Jenny Powers: Stability of groups of correlated variables identified by exploratory factor and cluster analysis.

Objective: To determine which of the variables in a large health survey of women are correlated with each other so that problems of multicollinearity can be avoided in future analyses.

Methods: Cross-sectional data were obtained from the baseline survey of 14,100 women (aged 45-50 years) enrolled in the Australian Longitudinal Study on Women's Health. Five different analytical techniques (factor analyses with varimax and promax rotation and cluster analyses with single, complete and density linkages) were used on three samples of these women. The resulting factors and clusters were used to define common groups of correlated variables.

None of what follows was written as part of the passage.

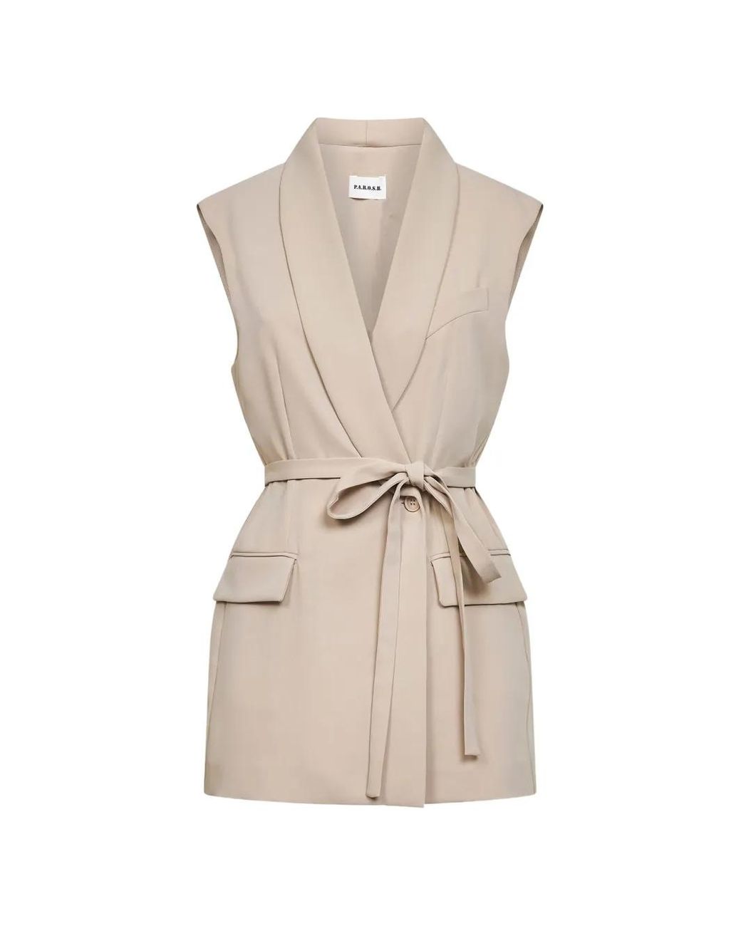 Beige shawl lapels pocket belted sleeveless Size: S. Gender: Female. Material:Polyamide. Colour: natural
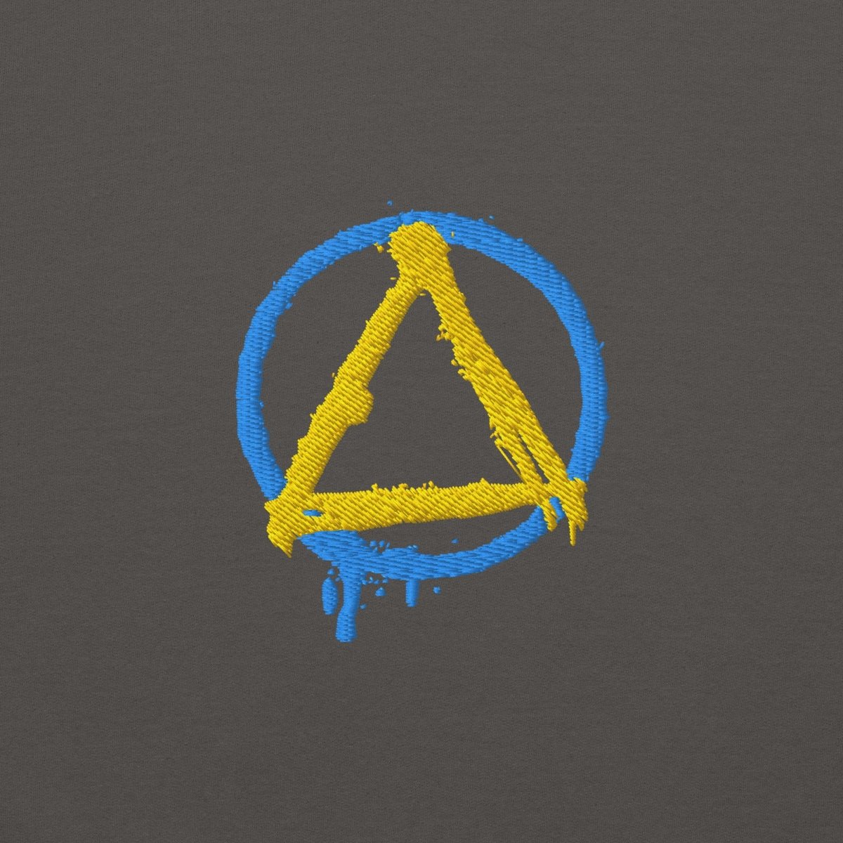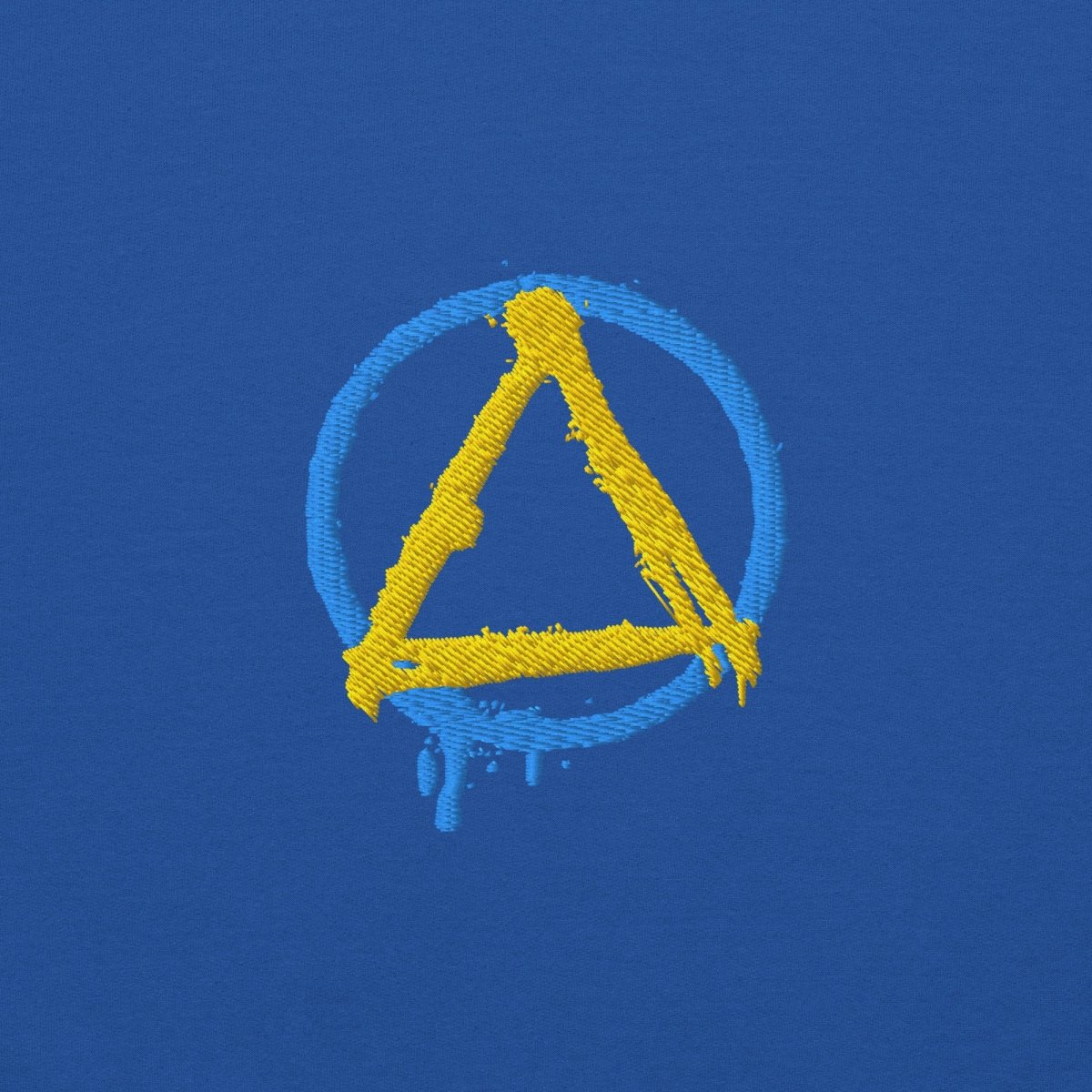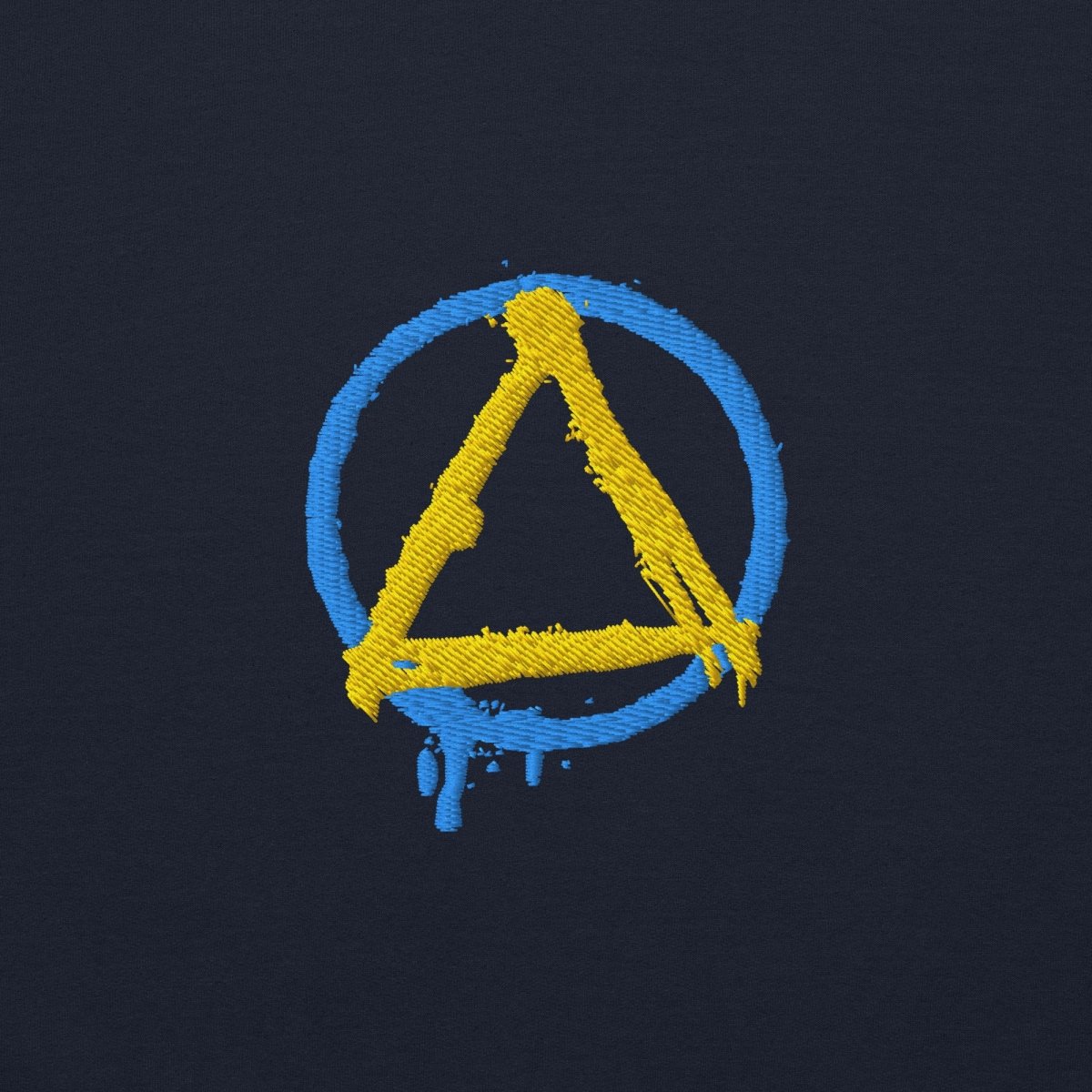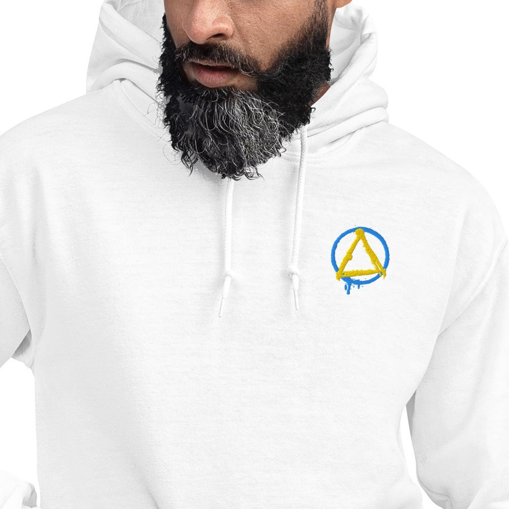 The Graffiti Sobriety Symbol Embroidered Hoodie transforms the iconic circle and triangle into raw street art. This isn't your standard sobriety symbol—the circle bleeds downward on the left side, paint dripping like fresh graffiti on a city wall, capturing the unfiltered energy of urban expression and the fluid, ongoing nature of recovery itself.

Results: The 18 common groups of variables, consisting of 122 items, fell into five broad categories - perceived physical and mental health, health service use, gynaecological health, lifestyle and demographics. The results obtained using split samples and different analytical methods suggest that these groups of correlated variables are stable.

Conclusions and Implications: In studies such as this, where large number of variables are collected, a combination of factor analysis and cluster analysis can be used to identify stable groups of correlated variables. These groups may be used to create composite variables, such as factor scores or summated scores, or to identify one variable representative of the group. The new variables can then be used in future analyses so that the problems of multicollinearity can be avoided. The identified correlated variables may also be used to reduce both redundancy and the number of missing values.